In Alzheimer’s, Connection Between Bone, Brain, and Microbiome May Be Critical

NIH grant supports unique and innovative approach to Alzheimer’s research

TROY, NY – An estimated 50 million people worldwide live with dementia, a syndrome that progressively affects a person’s cognitive function. Alzheimer’s disease is the most common form of dementia, but a full understanding of the mechanisms behind how and why it occurs remains elusive.

With the support of a new grant from the National Institutes of Health, a team from Rensselaer Polytechnic Institute will examine the interactions between the brain, bone, and the gut microbiota in relation to Alzheimer’s disease. What the researchers learn could lead to new biomarker and therapeutic discoveries for both diagnosis and treatment.

“We believe that we live in a very bone-centric world,” said Deepak Vashishth, the director of the Center for Biotechnology and Interdisciplinary Studies (CBIS) at Rensselaer. “Anything that goes on in the body is somehow stored in bone, so it has a memory.”

Vashishth, a foremost expert on osteoporosis, is leading this research with Blanca Barquera, a professor of biological sciences and member of CBIS. Their angle on Alzheimer’s is unique.

They are focusing their efforts on osteocalcin, a bone-specific protein that affects a number of physiological processes, including energy expenditure and glucose levels.

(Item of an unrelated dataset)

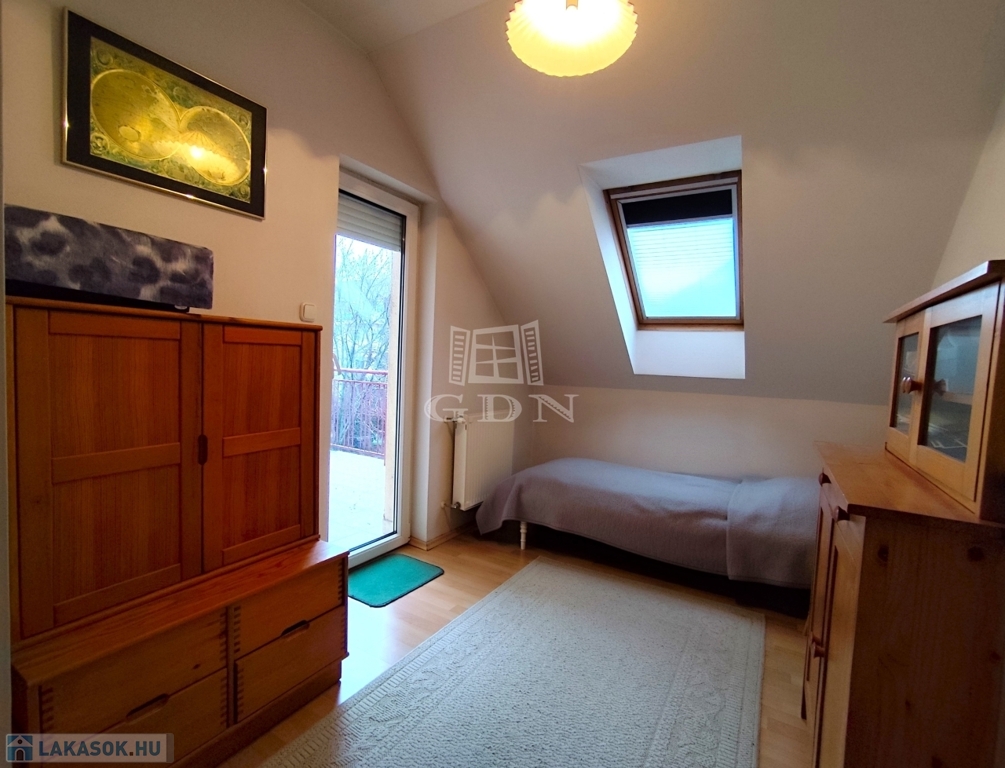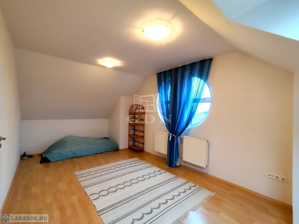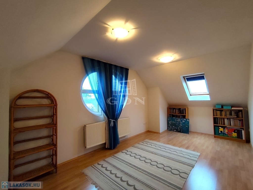 A tetőtéri szint igazi pihenőzóna. Jelenleg egybenyitott hálótérként funkcionál, de két külön gyerekszobává vagy háló + gyerekszoba kombinációvá is könnyen visszaalakítható.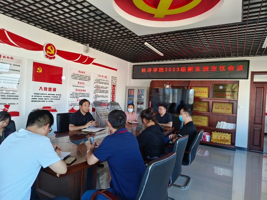 25/ 2023-08经济学院召开2023级新生班主任培训会议为进一步加强学院班主任队伍建设,充分发挥班主任在学生教育管理工作中的重要作用,做好2023级新生入学报到前的相关准备工作。8月23日下午,经济学院在朝阳楼0502召开2023级新生班主任工作培训。学院党委副书记邬丽群,学工办全体辅导员、2023级新生班主任参加了本次会议。会上,新生辅导员李笑晗分“报到前”、“报道中”、“报道后”三个时间段,对迎新工作做了细致安排,提醒做好新生抵校前的行程摸排工作、新生抵校当天的报...

Osteocalcin also has the ability to cross the blood-brain barrier, where it binds to neurons and affects the synthesis of neurotransmitters.

“Our theory is that the bone produces a protein, osteocalcin, which gets modified or not modified by the microbiome and then affects the brain function,” Vashishth said. “We are trying to determine if there is a correlation and a mechanistic link between the two, especially in the context of Alzheimer’s disease.”

In the microbiota – the collection of bacteria, fungi, protozoa, and viruses that live inside the human body – vitamin K, produced by some bacteria in the gut, regulates carboxylation, which in turn regulates the level of osteocalcin in the body. An altered composition of bacteria in the gut could affect vitamin K production, therefore affecting the level of osteocalcin in the body. Distorted levels of osteocalcin may affect glucose metabolism, leading to the formation of advanced glycation end-products, which are linked to Alzheimer’s disease and diabetes-related skeletal fragility.

“This project, a collaboration between an engineer who studies bones and a biochemist who studies bacterial physiology, is an example of how fruitful interdisciplinary cooperation can be,” Barquera said.

This collaboration embodies the New Polytechnic model that drives education and research at Rensselaer. Leaning on Vashishth’s expertise in bone health and Barquera’s expertise on the gut microbiota, the team will determine the bone and microbiome alterations that happen alongside Alzheimer’s progression. Vashishth and Barquera will evaluate the effects of altering vitamin K production by gut bacteria on carboxylated osteocalcin, which may affect the onset of Alzheimer’s disease.